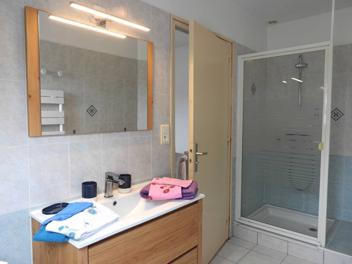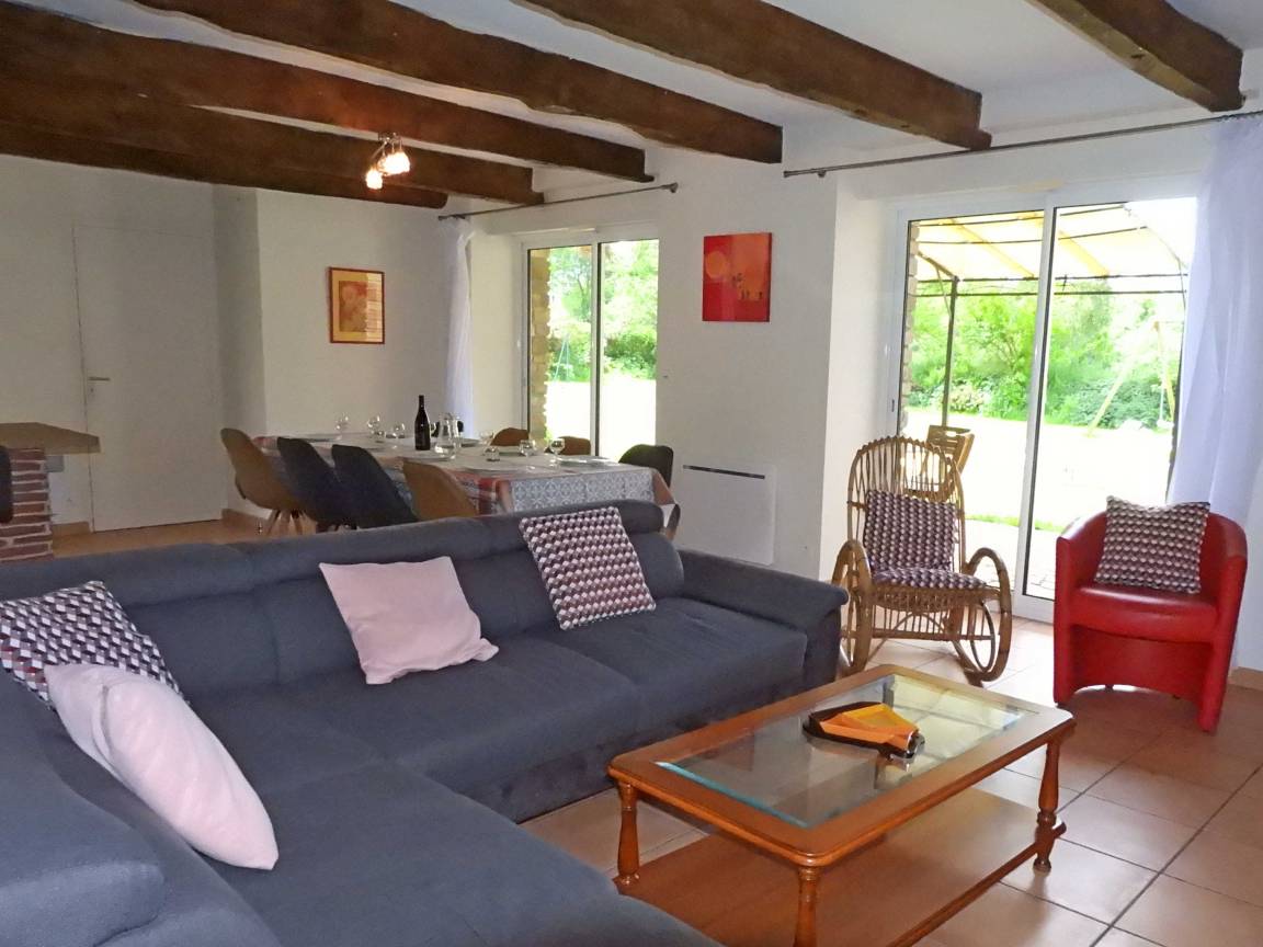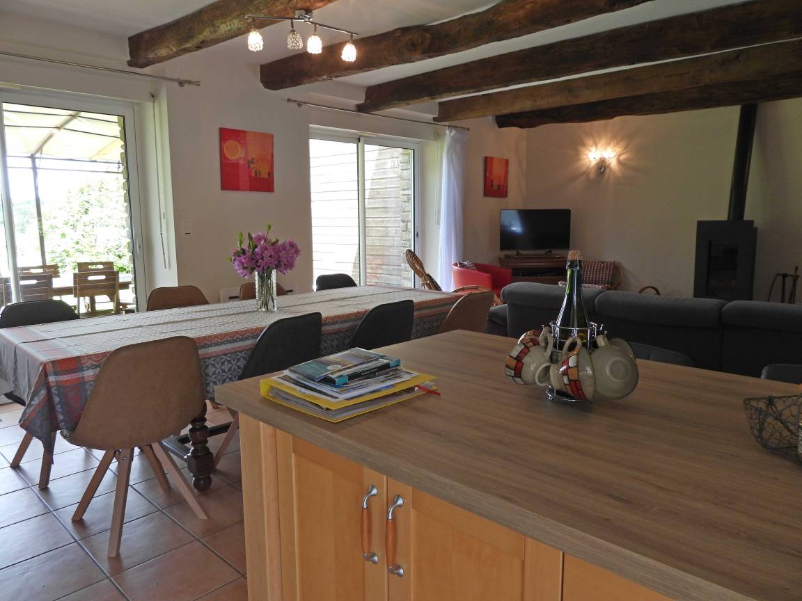 Unabhängiges lang gestrecktes Haus auf dem Bauernhof der Vermieter / ihr Wohnhaus sowie ein weiterer Gîte befinden sich auch dort. EG: Diele, Wohnraum mit Kochecke und Holzofen, Doppelzimmer mit Dusche/WC, sep. WC, Waschküche. 1.Stock: 2 Zweibettzi. je mit Dusche und WC, Doppelzimmer, Bad/WC. Die Betten sind bezogen. Wi-Fi. E-Heizung. Eigener Garten (200m²), Gartenmöbel, Grill. Schaukel, Terrasse.
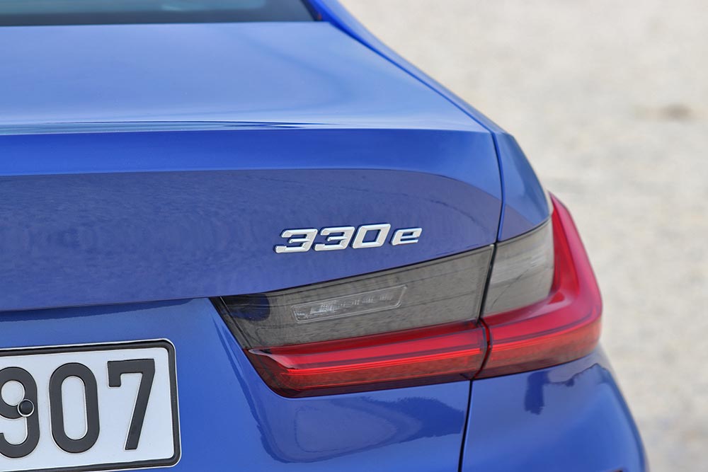 Σε επίπεδο σχεδιασμού τώρα η 330e δεν έχει διαφορές από μια 3άρα με κινητήρα εσωτερικής καύσης, παρά μόνο το έξτρα πορτάκι για τη θύρα φόρτισης του ηλεκτροκινητήρα. Μυώδης σε κάθε της εκατοστό, η BMW 330e διακρίνεται με τους επιθετικούς προφυλακτήρες, αλλά και από τα μακρόστενα φωτιστικά σώματα. Το σχεδιαστικό παιχνίδι συνεχίζεται στο πίσω μέρος, που κι αυτό συγκεντρώνει βλέμματα θαυμασμού, με τα εμφατικά φωτιστικά σώματα. Αυτά ταιριάζουν απίστευτα με την ελαφρώς ανασηκωμένη πόρτα, για αεροδυναμικούς λόγους, του χώρου αποσκευών. Το παρουσιαστικό της τονίζεται από το μήκος των 4.709 χλστ., αλλά και από το πλάτος των 1.827 χλστ., με το σφηνοειδές προφίλ να ενισχύεται κι από το χαμηλό ύψος των 1.444 χλστ.
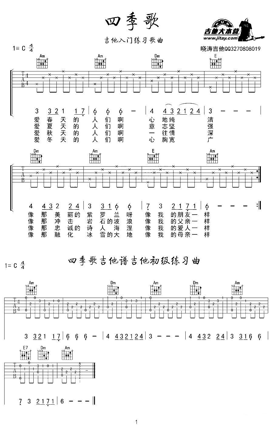 - [吉他谱] 四季歌
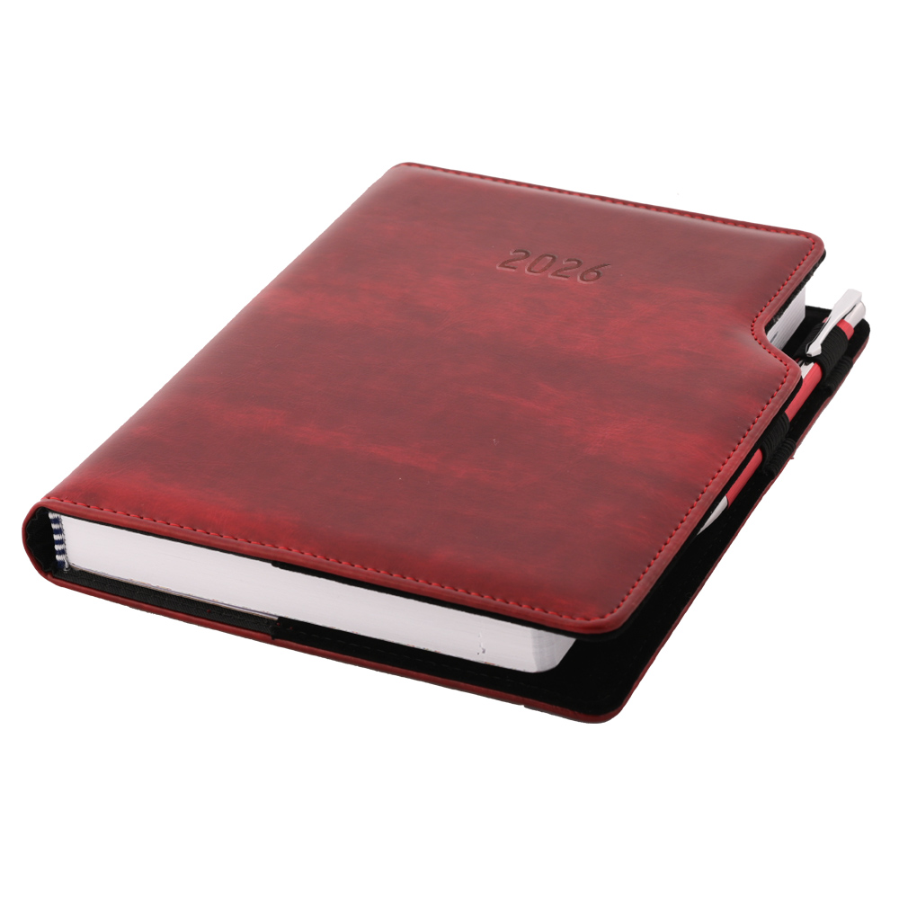 Diár GEP s perom denný A5 2026 český - bordó žíhaná
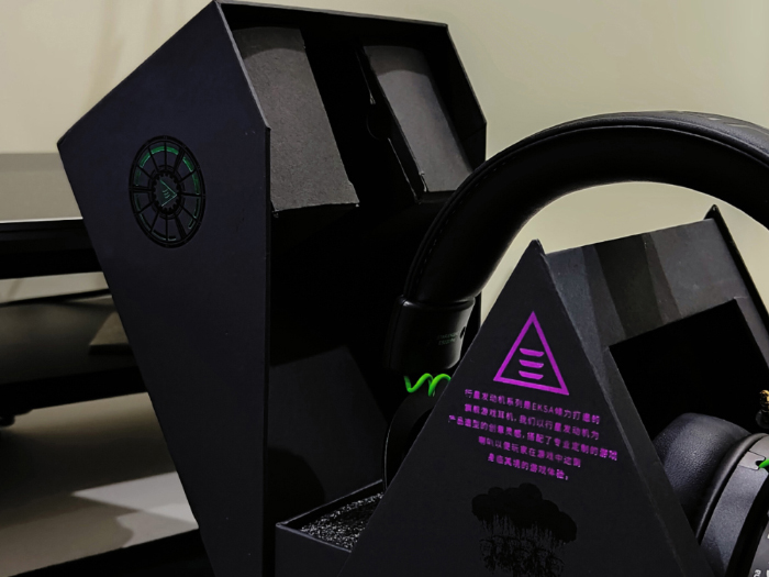 产品的包装方面也是符合星际引擎这个名称的,需要从中间向两侧打开,中间的三角形底座不就是三体鲨的化身嘛!其它配件都巧妙的固定在四个盒子里,而这四个盒子分别位于四个不同的角上,既起到了固定作用,又可装上各种配件。
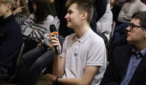 На второй лекции, которая состоялась в Промышленно-коммерческом лицее, Никита Матасов рассказал, зачем на Марсе нужен марсоход и на что он похож, зачем нужна экранно-вакуумная изоляция и как звучит эта планета. Школьникам понравилось наблюдать за спуском марсохода на поверхность планеты, а ещё рассматривать особый материал из золота и алюминия, который не позволяет марсоходу замёрзнуть.
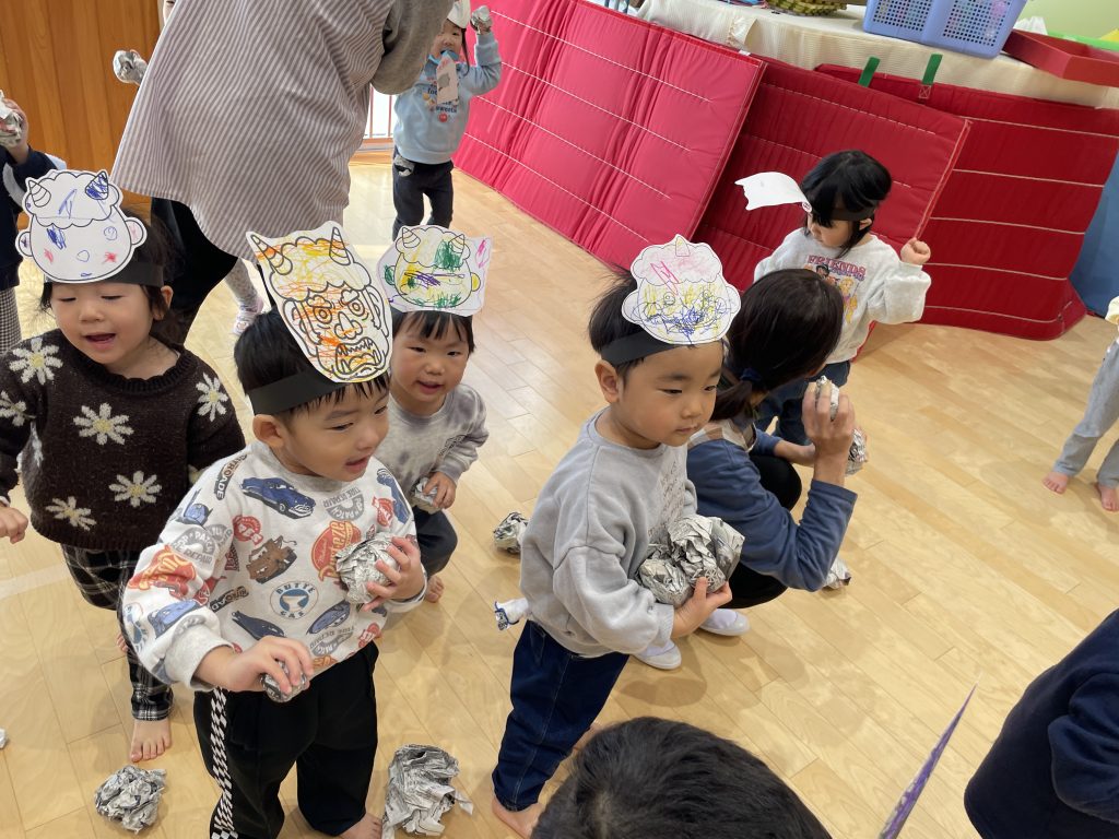 ドキドキしながらも新聞ボールを「えい!」「おにはそと!」投げました!
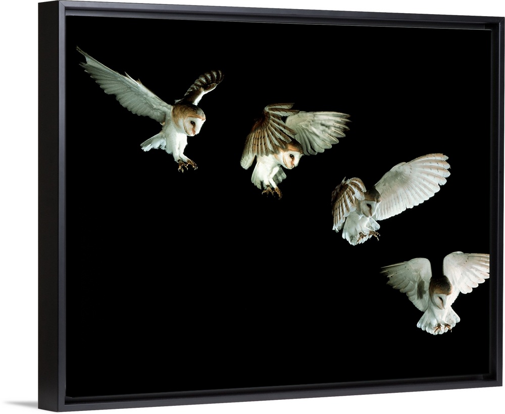 <p>Barn owl. Composite image of high-speed photographs of a European barn owl (Tyto alba) swooping from the air to capture its prey (not seen). The barn owl has long pointed wings with a span of 95 centimetres. It is a nocturnal predator, hunting for small mammals and insects on the wing in open country. The flight of the barn owl is almost silent because of the arrangement of the flight feathers on its wings. When hunting it relies mostly on its acute hearing, which it uses to sense the movement of its prey on the ground before swooping down and grasping the victim with its sharp talons.</p>
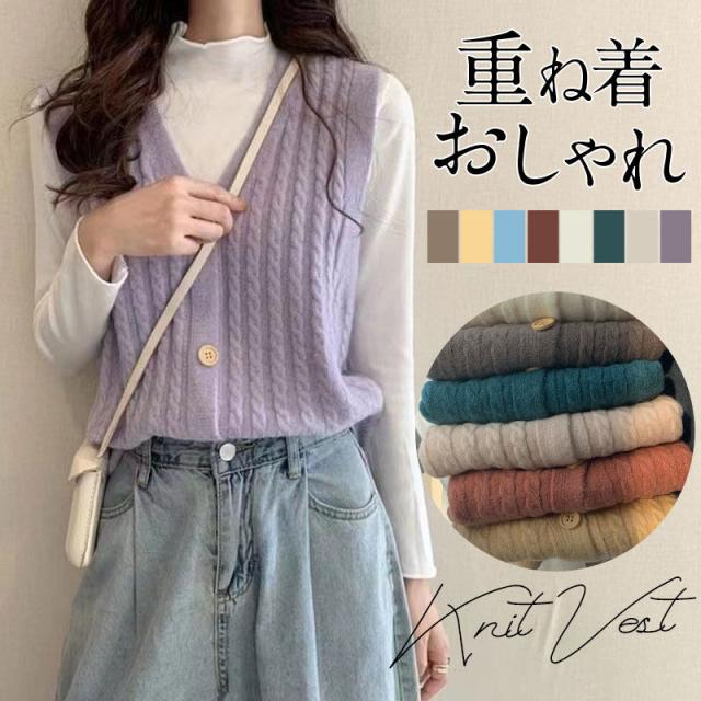 【水曜日まで!10%クーポン配布中】 限定価格 ニットベスト レディース Vネック 開襟 秋冬 チョッキ 重ね着 上着 着痩せ ノースリーブ レイヤード カジュアル 秋コーデ ゆったり トップス 細身
——
Activity
Would you output the lines above from the line holding "- [吉他谱] 四季歌" up to and including the line holding "产品的包装方面也是符合星际引", exactly and only those, with no pictures?

Exercise output
 - [吉他谱] 四季歌
 Diár GEP s perom denný A5 2026 český - bordó žíhaná
 产品的包装方面也是符合星际引擎这个名称的,需要从中间向两侧打开,中间的三角形底座不就是三体鲨的化身嘛!其它配件都巧妙的固定在四个盒子里,而这四个盒子分别位于四个不同的角上,既起到了固定作用,又可装上各种配件。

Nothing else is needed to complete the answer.